Article Writing
Let's be clear. I do use AI to help write these articles. The ideas and concepts are mine. The majority of generation is AI. It's a way I'm demonstrating — and learning — how multiple agent architectures work in practice.
Each article starts with a brief I write: a specific argument, a target audience, a tone. One agent — the orchestrator — then runs the whole show. It reads the brief, sequences every other agent in the correct order, handles loops and failures, and writes the final output files. It doesn't write any content itself; it conducts. I run it on Claude Opus, because sequencing a multi-agent pipeline with error handling and retry logic requires strong reasoning. Every other agent is more focused, and runs on a cheaper model matched to the complexity of its task — Sonnet for anything requiring synthesis or extended writing, Haiku for narrower, shorter-output tasks.

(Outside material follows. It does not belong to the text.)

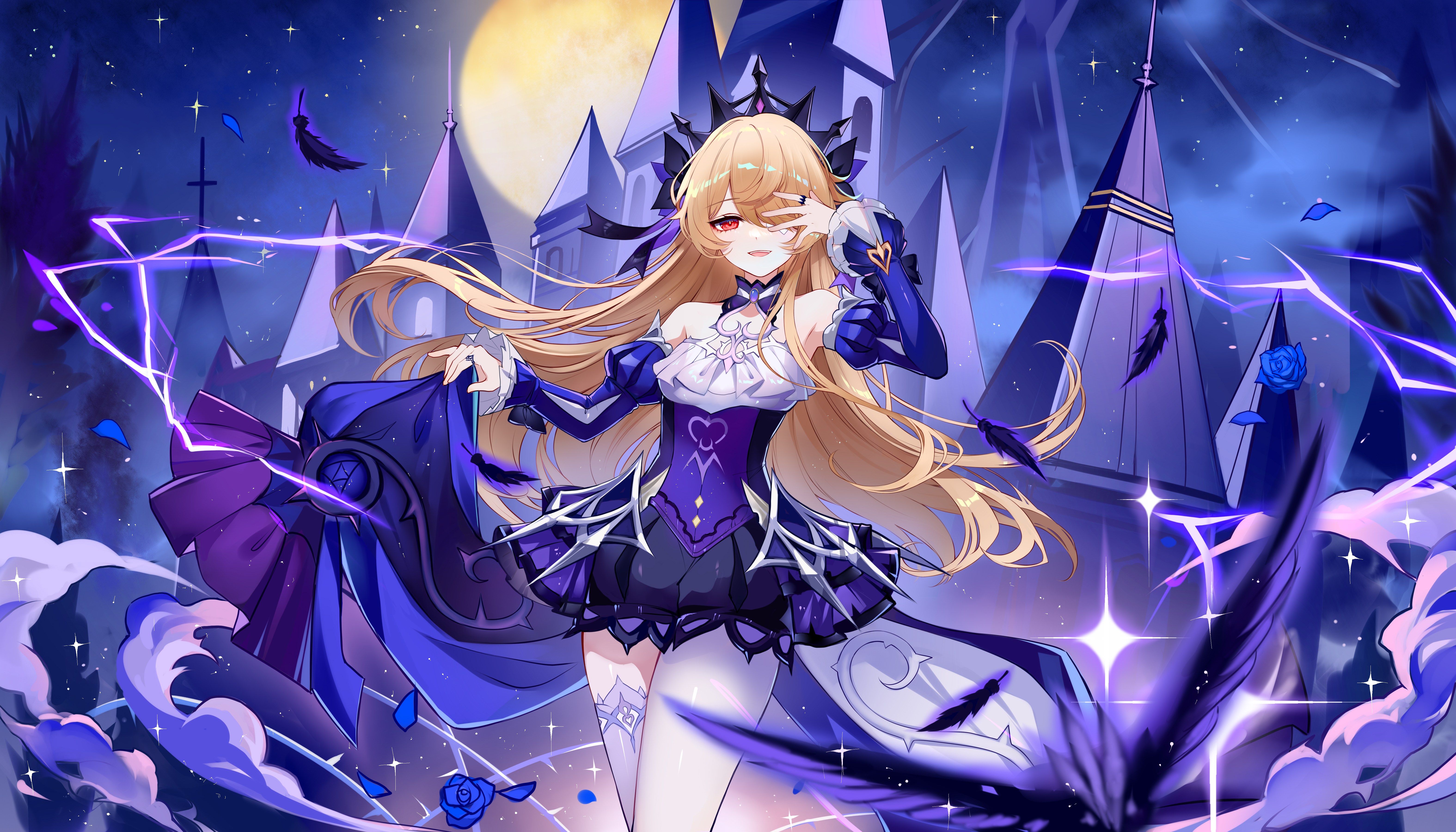 Red Eyes Anime Girl Genshin Fischl Petals Rose Feather Moon Castle Computer Wallpaper 4K Wallpaper

The key design decision is that agents don't share context. The research challenger gets the research pack but not the brief. The article challenger gets the draft but not the research. I designed it this way deliberately: if an agent can see the intent behind the work, it grades on intent rather than execution, and the challenge becomes worthless. Isolation is what makes the challenge real.
The cartoon is the one exception. The image is generated via a local MCP server that calls the OpenAI API — specifically gpt-image-1 — because that's currently where the best editorial cartoon output comes from. The orchestrator builds the image prompt and returns it to the main session, because the MCP image tool is only available at the top level, not inside subagents.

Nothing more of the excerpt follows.